Nieuwenhuizen lanced the chop with his wire and flipped it over. He looked at the windows of the house and tried again.

Mr stepped out of the frame and took two steps towards Mrs. The ruby liquid in his glass glinted. She looked over her shoulder, which was sheathed in crimson taffeta, padded within and sequinned without, brought the match up to her mouth and blew out the flame. A puff of smoke drifted into his eyes. He blinked rapidly, put one hand on the back of the chair and raised the other towards her lips, which still held the softly rounded shape of her breath. His hand hung in the air, O! He would go no further.

Nieuwenhuizen ran the chop through and put it down on a ledge.
He levered the grille off the fireplace with his foot.
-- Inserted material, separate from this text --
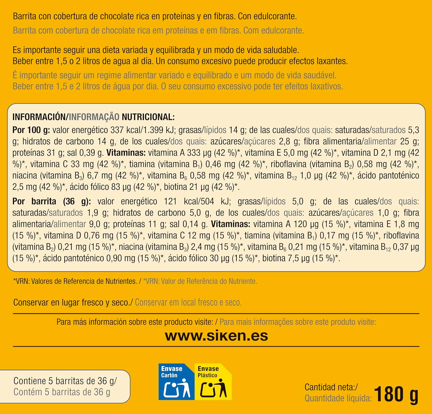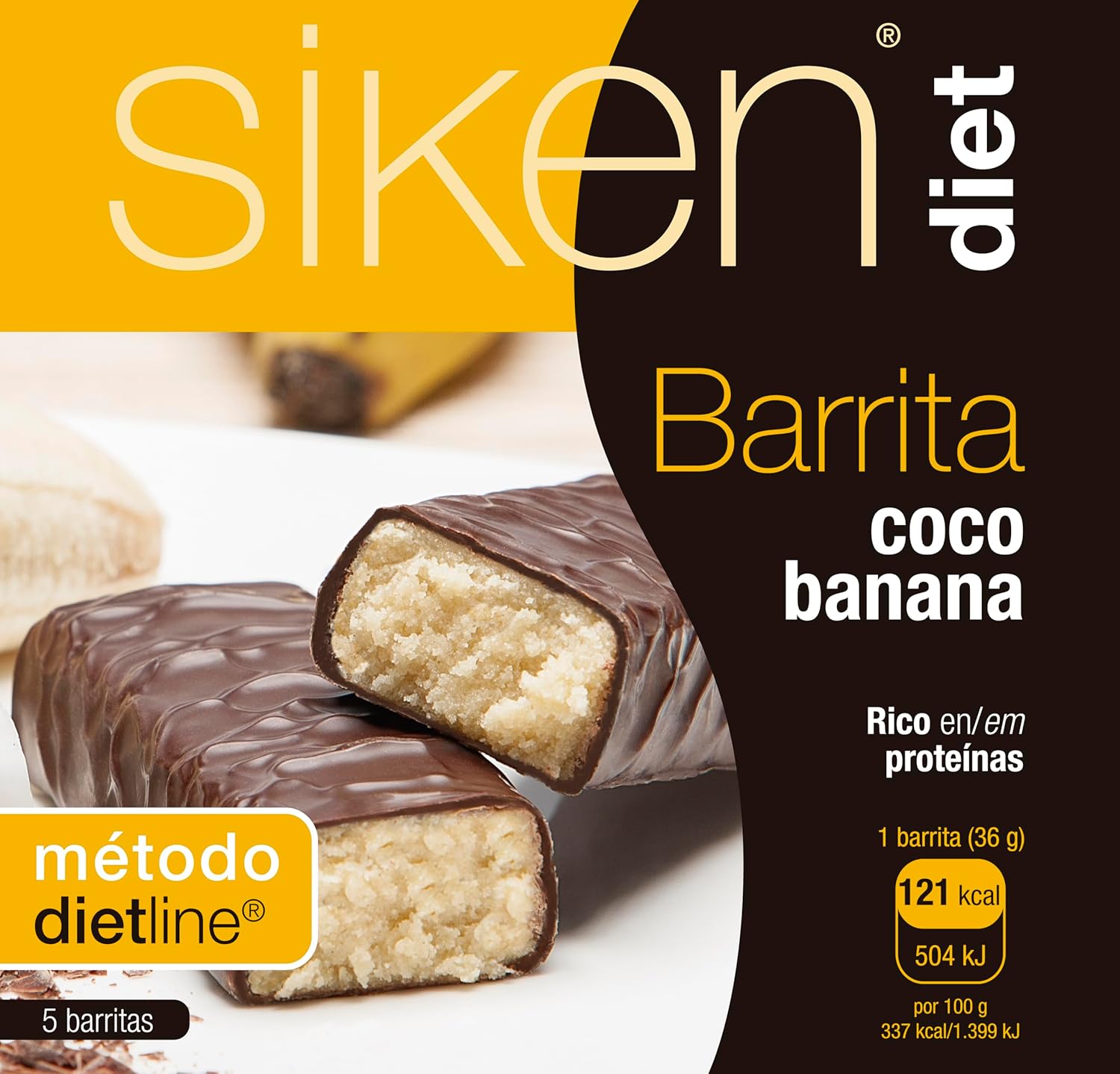 Siken Diet – Coconut and Banana Flavor Bar with Protein and Low Calorie to Control Your Weight – Case of 5 Units, 180 g

He spat on his fingers, picked up the chop, chewed the fat off it and stared into the coals.

An ornate citadel, in which were many golden chambers, with corridors and staircases of copper and brass, and silver and lead, and bronze and pewter and aluminium foil, and other metals too numerous to mention, took shape in the heart of the fire, endured, and crumbled away.

The pockets of Mr’s trousers yielded up a screw, a one-cent piece, a receipt from the Buccaneer Steakhouse (1 × Dagwood, 1 × Chps, 1 × Gngr Beer), a soiled serviette, a fatty deposit slip from the United Building Society, a shirt button, a length of twine and a toothpick chewed at one end. Mrs stuffed the trousers into the washing-machine, jabbed a button to start the cycle and carried her finds to the lounge, where she arranged them on the coffee-table. She examined each of them in turn, as if each had a story to tell.
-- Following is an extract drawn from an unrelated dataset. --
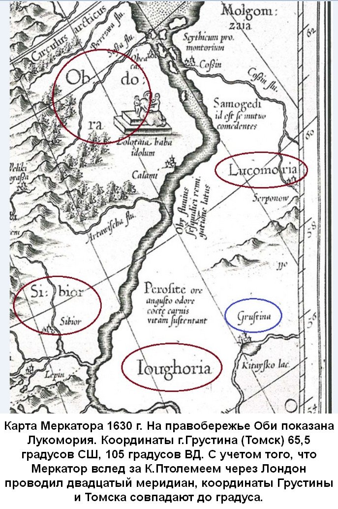 - Координаты Томска и Грустины совпадают до градуса. Одна из версий этимологии Грустины это ГроссТины (рядом жили готы). Тины и описывались как очень большой город. Если верить Низами, где-то в подземном городе Александр спрятал свои сокровища. А было у него около трех тысяч тонн золота. К сожалению, подземелья под Томском не изучаются, это "закрытые" объекты.

This exercise gave her an appetite for conversation. She went to her prize knick-knack cabinet and surveyed the exhibits. Budgie. Paper nautilus. Plastic troll. Worry-beads. Dinner-bell.

In the end it was a glass paperweight with a guineafowl feather aflutter in its heart that spoke to her.

Nieuwenhuizen was overcome by a great weariness. It drifted like spume from the tireless billows of veld and infiltrated the wide-open portals of his eyes, filling him slowly to the brim. His head listed, and the weariness slopped over and spilled down his cheeks. Mr Malgas
advanced towards him through the rainbowed mist, parting the grass with his muscular thighs, extending his right hand like a shifting-spanner and saying, “How do you do?”

“He was sitting there like a lump all day,” Mrs told Mr when he came in from work. “He was looking at our house as if there’s something wrong with it.”

“You shouldn’t take it personally,” said Mr. “He’s probably just tired from his journey.”

“What journey?” she demanded suspiciously. “Where did you get that?”

“I’m just supposing.”

“It’s not like you to suppose.”

“He must have come from somewhere. He didn’t sprout there like a bean.”

“Ha ha, that’s the spirit. Don’t worry about me. I’ll get used to being a prisoner in my own home.”

“What can a man do?”

“A man can find out what he wants. Go over there and ask him.”

Mr shrugged.

“He’d have to say something, if you asked. He couldn’t just sit there with a mouth full of teeth.”

M
r Malgas paused on the verge, in the twilight, to look over the plot. A thin melody mixed with the smell of cooked meat washed over him. He wasn’t sure what to do next: there was no gate to rattle, no doorbell to ring. After a while something came to him, a phrase he had heard in a film about the Wild West, and he tried it out: “Hail the camp!”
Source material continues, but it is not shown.